Nowadays, items are packed into standard 20 or 40-foot long containers that can be stacked neatly on the decks of giant ships. Standardizing containers makes it easier to handle loading, unloading, and bundling cargo from multiple shippers. Containerships can carry cargoes as varied as auto parts, consumer goods and toys all in the same shipment.
Growth in the containership industry was rapid from 2000 through 2006, averaging over +11% annualized. The main driver of that growth was increased trade globally including, of course, the shipping of consumer goods from Asian to U.S. and European markets.
Lately, growth in containership volumes to the U.S. has slowed mainly due to the weakening economy and U.S. dollar; both factors have slowed U.S. imports. Nonetheless, trade routes between Asian nations and the Middle East have picked up markedly and volumes between Asia and Europe remain strong -- these factors have offset much of the U.S. decline.

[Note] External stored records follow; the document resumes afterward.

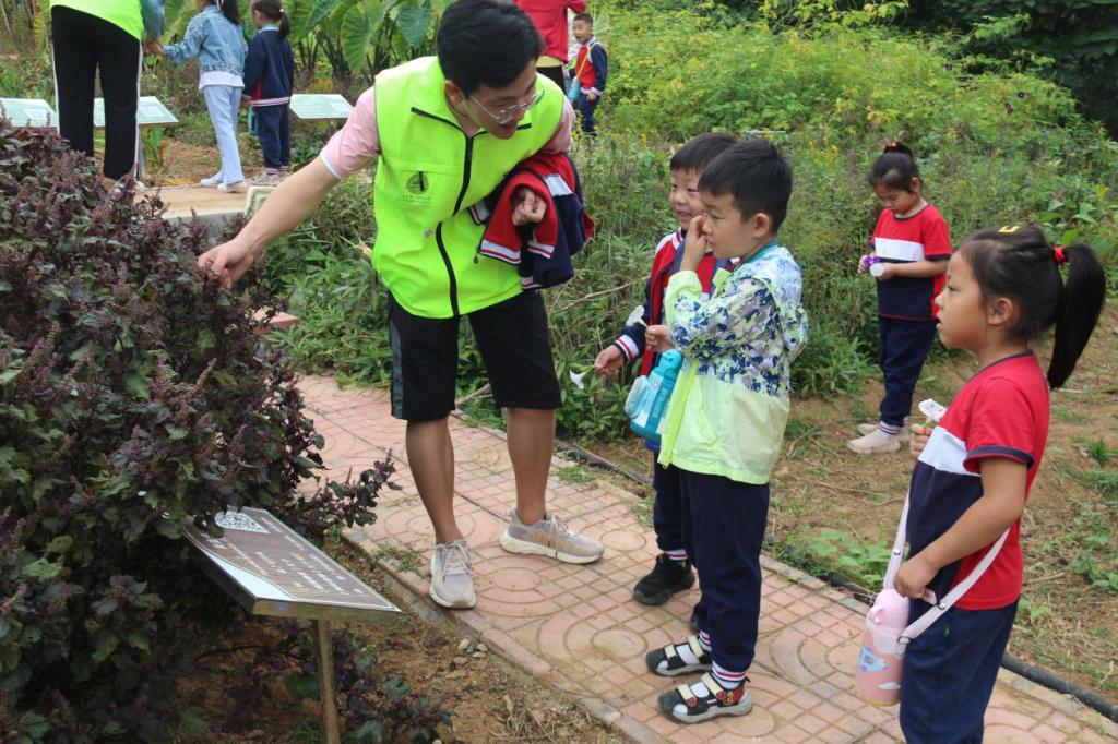 秋高气爽,药植园迎来了一批新的客人——山东第一医科大学第二附属幼儿园的小朋友们。为加深小朋友们对药用植物的了解,激发他们对中草药知识的好奇心,进一步弘扬和传承中草药文化,9月20日上午,药学院岐黄本草志愿者服务队带领第二附属幼儿园的小朋友们参观了我校丰富多彩的药用植物园。本次参观活动由药学院中药教研室主任孙立彦全程讲解,药学院副院长周延萌,党委副书记宋洪涛,中药教研室高红莉教授,办公室秘书王蕾、李洪爽,团委副书记彭曼曼、辅导员冯春苗等出席活动。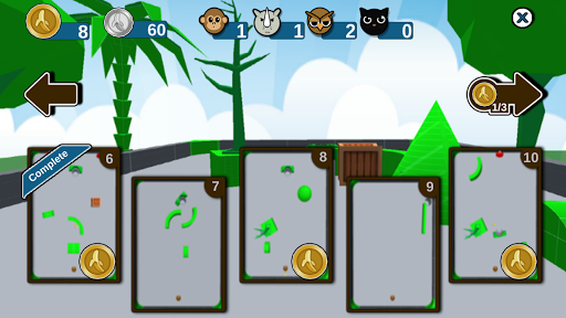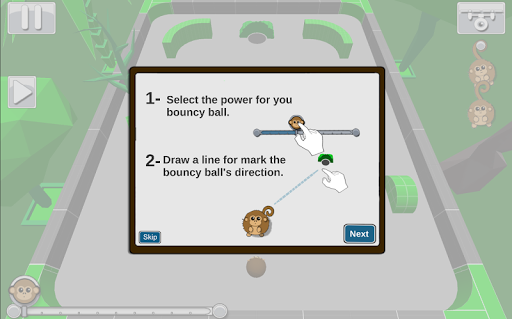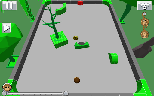 Throw your bouncing monkey and win by getting him into the hole , try again and again until you accomplish your objective. You'll have Cat's , Owl's and grumpy Rhino's help to make your objetive easier and faster to accomplish.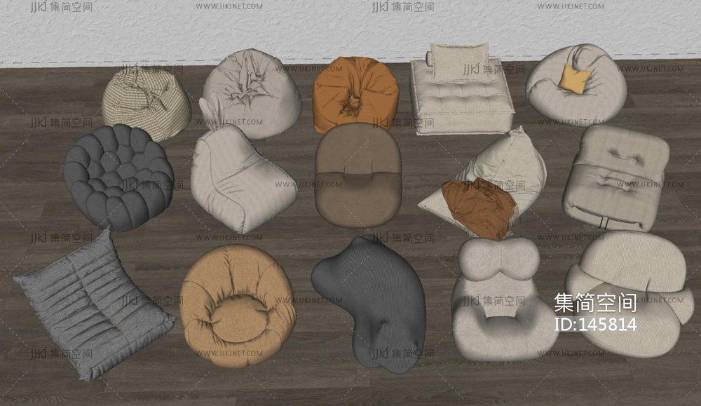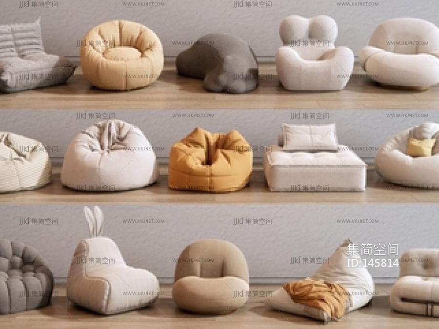 05现代懒人沙发_米灰色懒人沙发su模型su草图模型下载

But despite the almost continuous increase in demand, shipping rates are seasonal and can be volatile at times. Fortunately, my pick today, Danaos Corp. (NYSE: DAC), has very little exposure to this volatility because almost all of its 36 containerships are locked in 8 to 12-year fixed-rate contracts with major shipping firms. These contracts minimize the company's exposure to short-term swings in supply and demand.
And DAC also benefits from a growing trend toward vessel outsourcing. In other words, shipping firms do not want to shell out to purchase their own fleet of ships to transport goods. Instead, they prefer to lease these ships from dedicated third-party operators like DAC; this trend has allowed DAC to grow its fleet and sign up new ships under long-term lease agreements. In fact, the firm has 32 additional ships scheduled for delivery in the next three years, and the majority of them already have contracts in the works.
DAC currently sports a dividend yield of 7.4%; there is little downside risk to dividends due to DAC's long-term charter deals. And as new ships are delivered and start earning fees, there's room for DAC to continue boosting its payout.
Danaos offers a strong yield with relatively little exposure to any short-term weakness in containership traffic to the U.S. That said, the stock has been unfairly hit by fears that a U.S. economic slowdown would hurt the containership industry. This situation has given long-term investors a rare chance to capture a steadily growing company and a solid dividend yield at a rock-bottom price.